Sailboats bob in the Merrimack River just a few yards away, so a visitor to this small shop in Newburyport, Mass., might be forgiven for thinking that the star-shaped wall-hangings leaned against the storefront represent a nautical motif. That's one common guess.

"Lots of people ask about the meaning behind them," says shopkeeper Kevin Riley, stepping out onto the sun-warmed brick sidewalk. This summer – the second year the store has offered them – many customers have handed over $20 to $40 for the flat-backed, 3-D stars. Medium size sells best, he says, in blue, red, or black.

Buyers, he says, seem interested to learn that the hot-selling items are "barn stars," decorations of tin or distressed painted wood with roots in 1820s Amish and other farming communities of German descent. Sometimes the stars represented a builder's trademark, according to most accounts. Other times they were just the aesthetic equivalent of the horseshoe.

Barn stars first boomed as décor just after the Civil War and have long surfaced at country-craft markets. They now appear to be on the crest of a national resurgence, appearing online and at stores ranging from boutiques to the corner CVS. Many are made in China, but the genuine article, newly minted, is also aggressively sought.

"They are huge. We can't keep up," says Kelli Toomey, co-owner, with Vern Christian, of Amish Wares, an online retailer in Mansfield, Ohio, that a year ago began selling tin stars handmade in a local Amish community. Some 500 to 600 new orders are in hand at any given time, says Mr. Christian. He'd like to branch out into wooden stars. "But I'm almost afraid to," he says, citing the time required to hand-carve them.

Like others, he can only guess at the reason for the rising interest.

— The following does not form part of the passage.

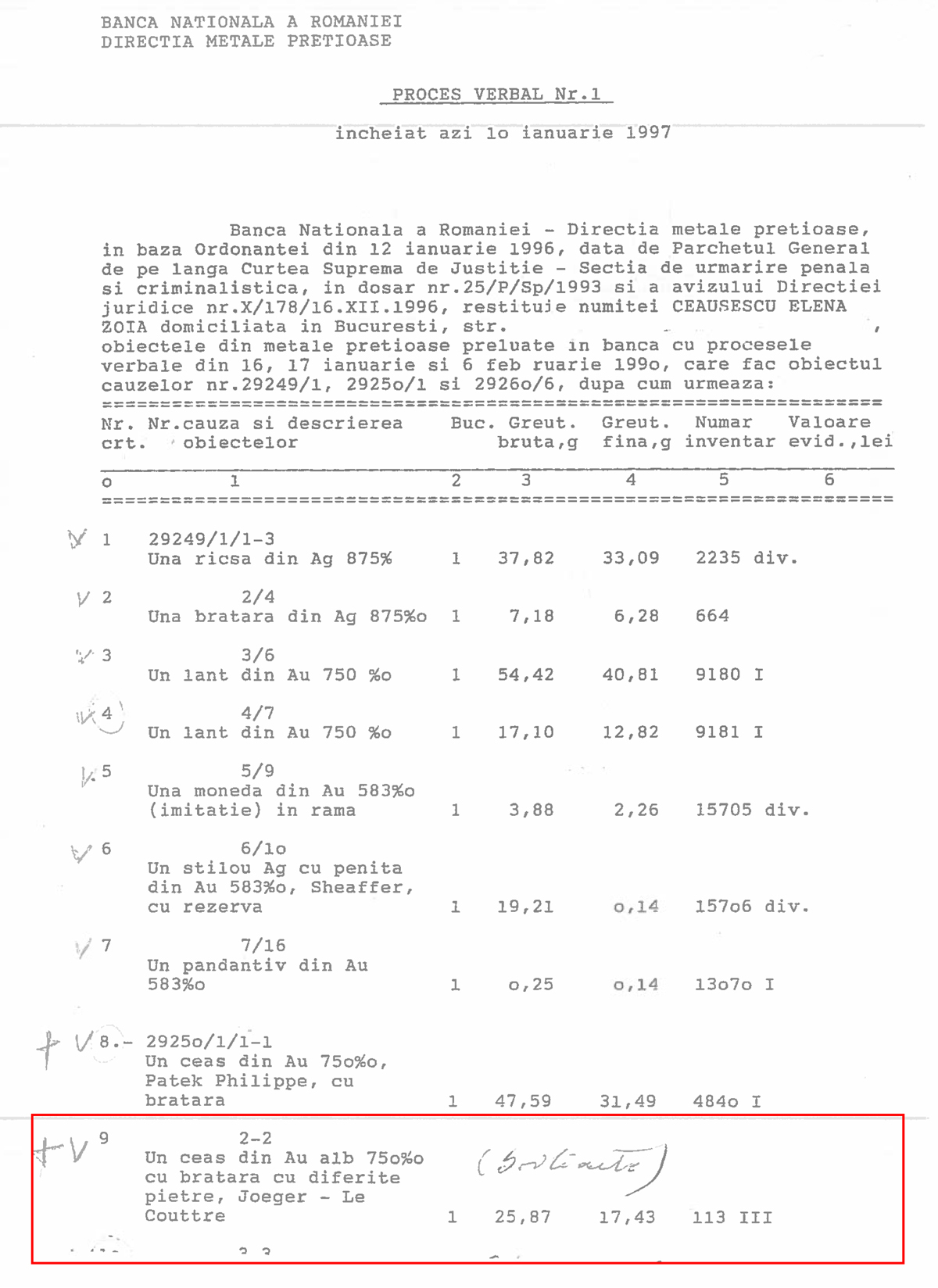 Ceas Jaeger LeCoutre din aur alb cu 58 de diamante totalizând 4.54 ct, de mână, de damă, ce a aparținut Zoiei Ceaușescu. Mecanism cu armare manuală. Cadran de culoare champagne, indici săgeți și puncte. Brățară originală din aur alb cu diamante, cu sistem de închidere cu clemă. Ceasul a fost confiscat la revoluție și retrocedat în anul 1997 de BNR.

Red and blue stars, in particular, evoke a patriotic brand of Americana, he suggests. (The star shape, interestingly, has reportedly also gained in popularity recently as a tattoo.) "But we sell so many other colors, too." His largest star, a six-footer, goes for $120 and comes in 25 hues.

"People who decorate 'country' want to coordinate with their houses, match the shutters," Christian says. Amish Wares has shipped to nearly every US state, he says. No orders have come yet from Hawaii. California lagged. New England hit first.

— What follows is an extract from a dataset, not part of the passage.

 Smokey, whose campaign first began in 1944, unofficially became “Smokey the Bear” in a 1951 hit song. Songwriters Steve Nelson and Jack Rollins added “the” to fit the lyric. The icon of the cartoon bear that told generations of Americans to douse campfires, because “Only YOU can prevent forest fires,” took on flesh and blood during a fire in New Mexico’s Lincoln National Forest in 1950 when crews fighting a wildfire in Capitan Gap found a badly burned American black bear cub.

Decorators, of course, are divided. "I'm personally not a big fan," says Lisa Kawski, who designs for clients on Boston's North Shore. She has seen more of them lately on barns and homes around Cape Ann, and finally bought "a very small one" at a flea market for her husband. It has yet to make it onto the side of the garage, she says.

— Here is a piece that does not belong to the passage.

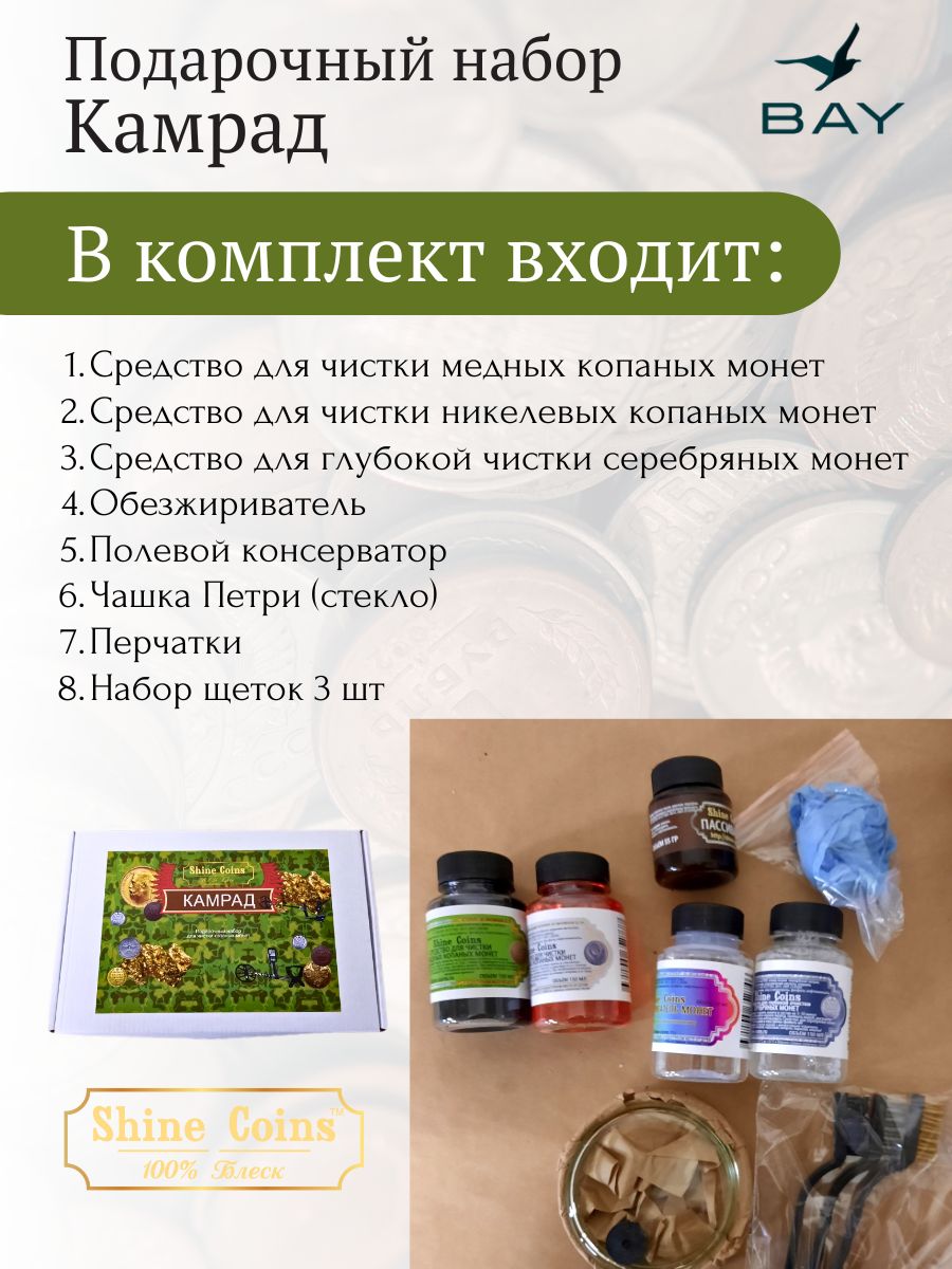 Набор включает все необходимое для бережной очистки и сохранения копаных монет различных металлов:

"People use these stars now as an interior-design element," says Claudia Brownlie, a crafter and author in middle Tennessee. "Others have them stuck up on the chimney." Ms. Brownlie – who noted a local surge this summer – traces the stars back to the geometric, multicolored symbols originally painted directly onto the walls of barns. Later ones were made from scraps of roofing tin. She sees symbolism in the colors – black for protection, blue for peace, green for growth. More often the palette appears regional.

"The colors that do best in our part of the country are the white, the light green, and barn red," says Cordelia Mendoza at Cottage Antiques in San Diego, which stocks barn-tin, Amish-made stars. "The old primitive colors – mustard, dark blue, black, dark green – don't do as well out here," she says. One 22-inch "shabby green" star sells at her shop for about $40. "I just love having them," she says. "They're fun to decorate with."